Serum and pericardial fluid biochemical parameters measured to assess the nature of pericardial effusion. Elevated serum and pericardial fluid LDH levels, along with the LDH ratio >0.6 and protein ratio >0.5, support the diagnosis of an exudative effusion. Reference ranges are provided for comparison where applicable
LDH: lactate dehydrogenase
| Investigation | Result | Reference range and units |
| Serum LDH | 2,445 U/L | 125-250 U/L |
| Pericardial fluid LDH | 2,032 U/L | - |
| Pericardial fluid LDH to serum LDH ratio | 0.8 | >0.6 for exudative effusion |
| Serum total protein | 73 g/dL | 60-80 g/dL |
| Pericardial fluid total protein | 52 | - |
| Pericardial fluid total protein to serum total protein ratio | 0.7 | >0.5 for exudative effusion |
Comprehensive infectious screening included an atypical pneumonia panel, pericardial fluid cultures including mycobacterial cultures, QuantiFERON-TB Gold, HIV-1 and HIV-2 serology, a viral hepatitis panel and extended respiratory viral polymerase chain reaction (PCR) covering SARS-CoV-2, influenza A and B, respiratory syncytial virus, rhinovirus and enterovirus, parainfluenza virus, adenovirus, human metapneumovirus, Epstein-Barr virus, and cytomegalovirus. All results were negative.

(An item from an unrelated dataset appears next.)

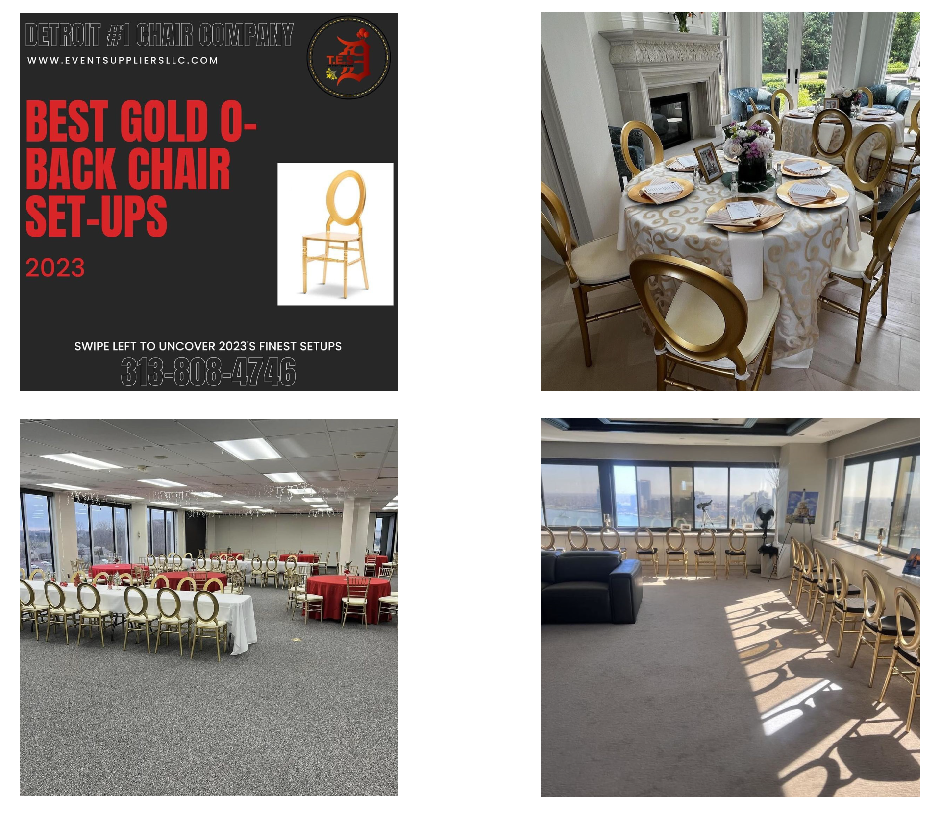 Today’s highlight in our best of 2023 series is the luxurious Gold O-Back Chair, a true embodiment of class and sophistication for any event in Detroit and surrounding areas. At just $6, these chairs are your gateway to upscale elegance without the hefty price tag.

Autoimmune serology, including antinuclear antibodies, extractable nuclear antigen profile, myeloperoxidase, proteinase 3, rheumatoid factor, centromere antibodies, and complement levels (C3 and C4), was within normal limits. Serum biochemistry revealed no metabolic derangements, with normal thyroid function tests and glycated hemoglobin levels. Notably, C-reactive protein was elevated at 33 mg/L, while erythrocyte sedimentation rate was 16 mm/hour. Serum troponin and brain natriuretic peptide levels and other biochemical results were within normal range.
The pleural medicine team diagnosed acute serositis (pleuropericardial syndrome) of inflammatory etiology and prescribed a 10-day course of oral nonsteroidal anti-inflammatory drugs (NSAIDs). While NSAID use in this context is largely based on extrapolation from pericarditis management rather than direct evidence, they were chosen to address inflammation and symptoms. Given the clear temporal association with mRNA vaccination, the presentation was considered vaccine-related, and an adverse event report was submitted to the MHRA via the Yellow Card scheme.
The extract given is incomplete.